Wednesday, June 29, 2011

The language of following

This started out as a reply on Tango Therapist's recent post about the inadequacy, as he sees it, of the term "follower." Then it got too long to be a polite comment, and it always was rather tangential to the actual discussion in his blog, so I decided to bring it over here, so as to be able to rant freely about it.

The discussion on Tango Therapist's blog is about the reductive nature of calling a woman "a follower." I hadn't yet gotten around to fully considering the merits or demerits of "follower" (other than that its gender neutrality is helpful for dancers who do not fall into the man leads/woman follows model). In general, though, it has been something I've been vaguely uncomfortable with for a long time, as I've wrestled with the problem of how to reconcile my feminism with what I do in tango. The discussion in Mark's blog is interesting and useful, with many thoughtful points raised in the comments.

For myself, I mainly dislike being called "a follow." I don't like "follow" being used as a noun because (a) it's a verb, and I'm persnickety about language like that; I occasionally (used to be regularly) get paid to be.

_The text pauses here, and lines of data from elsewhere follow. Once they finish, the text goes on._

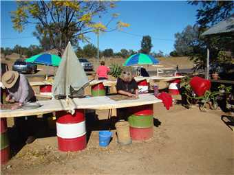 We left camp about 9:00am and walked over the road (about 200 meters) to the footy ground. Our first stop was to find Errol (husband of Janine who we met last week at Gunters) and introduced ourselves to him, which we did. We walked around every stall and found the man who makes the wooden Gem boxes, we bought one for $35, visited the footy club rooms and ordered 2 bacon and egg and onions sangas, they were YUMMA.
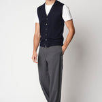 Il modello è alto 187 cm, petto 96 cm, vita 80 cm e veste una taglia 50.
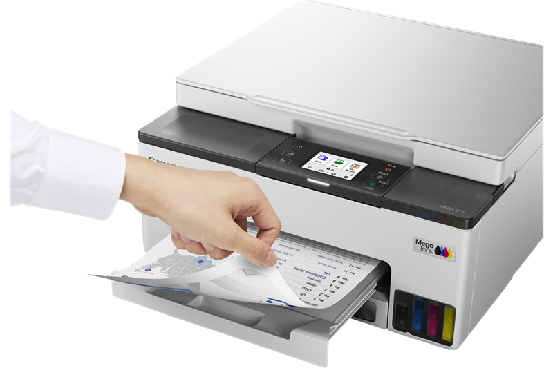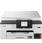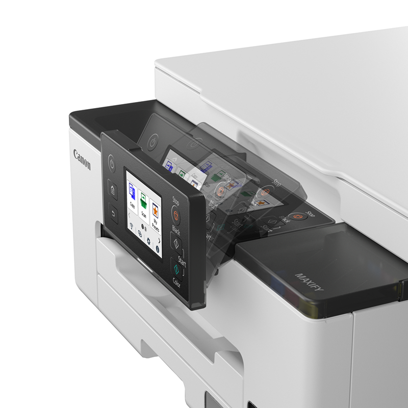 Canon Maxify GX1041 niewielka drukarka typu 3 w 1 ze zbiornikiem MegaTank zapewnia komfort pracy w biurze domowym. Szybko drukuj duże ilości dokumentów biznesowych w wysokiej jakości, korzystając z przystępnych cenowo butelek z atramentem.
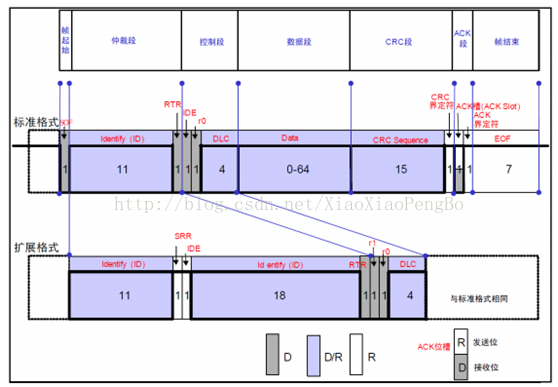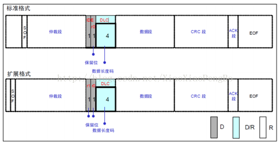 标准帧和扩展帧在这个段的格式也是相同的。如图所示:

It seems lazy on the speaker's part, that he or she can't be bothered to tack on a single extra syllable to avoid poor usage.

But mostly, (b) because it is used as a noun, it becomes a statement about what I am, rather than what I do, and that comes across as belittling. I am not a follow, with all its implications of mindless lack of volition--and, indeed, lack of humanity. A follow, if it exists, is a thing, not a person. Rather, I follow; I am a person who chooses a particular role in this dance, in which both roles are required in order for it to function.

(It appears, Mark, as though you might say that both the man and the woman must follow the music, but that still depends on a notion of leading and following--albeit with a nonhuman leader and two followers--in order for the dance to be both functional and beautiful.)

Credit where it's due: La Planchadora, whose blog was one of the first I started reading regularly and whose snark writing I miss very much, did greatly influence my thinking on this, although she had a slightly different take on the matter.

So that's my pet peeve about the language used to describe the roles in the dance. Don't ever call me a follow. Also, don't talk about how you or any leader "drives me."*  I am not a car, and if you're dancing like I am, you've got bigger problems than just language.


* Yes, not too long ago I had a leader do both of these things at once, together with a spectacularly rude backhanded compliment. I was so angry I could barely speak. EPIC MANNERS FAIL.

Tuesday, June 28, 2011

It happens.

"That's one thing I especially like about dancing with you," he tells me, grinning. "We may screw up, but we'll screw up very precisely."

Tuesday, June 14, 2011

Memoriam

I read Jan's chronicles of the older milongueros and milongueras eagerly, hoping to recognize a face despite the short time I was there and the long and ever-growing time since then--and hoping that, if I do, the dash won't be followed by a recent death date. I don't think I've recognized anyone yet, other than a few who have (or had) wider reputations.

There is one who I know is gone. He was a cab driver and a friend of my teachers. They arranged for him to pick me up from the airport when I arrived, and he went far out of his way to help me overcome the difficulties of that first day. If there was a time when I knew I would need a cab somewhere, I called him. My teachers said his evening schedule was like this: He'd pick up fares until he wanted to stop and dance. Since he was, I believe, an independent driver, he could just stop into a milonga and dance until he wanted or needed to leave, maybe taking a fare from the milonga. It seemed like a very clever way to manage it.

Despite the language barrier, I learned a little about him and his family. His wife, his son--no grandchildren yet. I wanted to talk to him more--and listen more to him--but I didn't know how. At his prompting, I promised him that I would know more Spanish when I came back next time; he promised me that he would try to learn some more English.

I only ever knew his first name. 

When my teachers told me that he had died when an infection set in after heart surgery, I found another sort of language barrier: I did not know how to talk about him. 

How could I explain him to my friends? He was a tango dancer and a taxi driver and my Buenos Aires grandfather/knight in slightly battered but still shining armor. I didn't know his last name, and we could barely communicate. I knew him for two weeks--but the news of his death left a little hole in my heart, and in my thoughts of the city.

I wish I could have more eloquently expressed my gratitude for all his help. I wish I could offer my sympathies to his family. I wish I could tell them how happy I was to have known him, even so slightly and for so short a time. I wish most of all that he were going to be there whenever I next manage to go back.

All I can do is remember him. And even though I am sad, the memory makes me smile.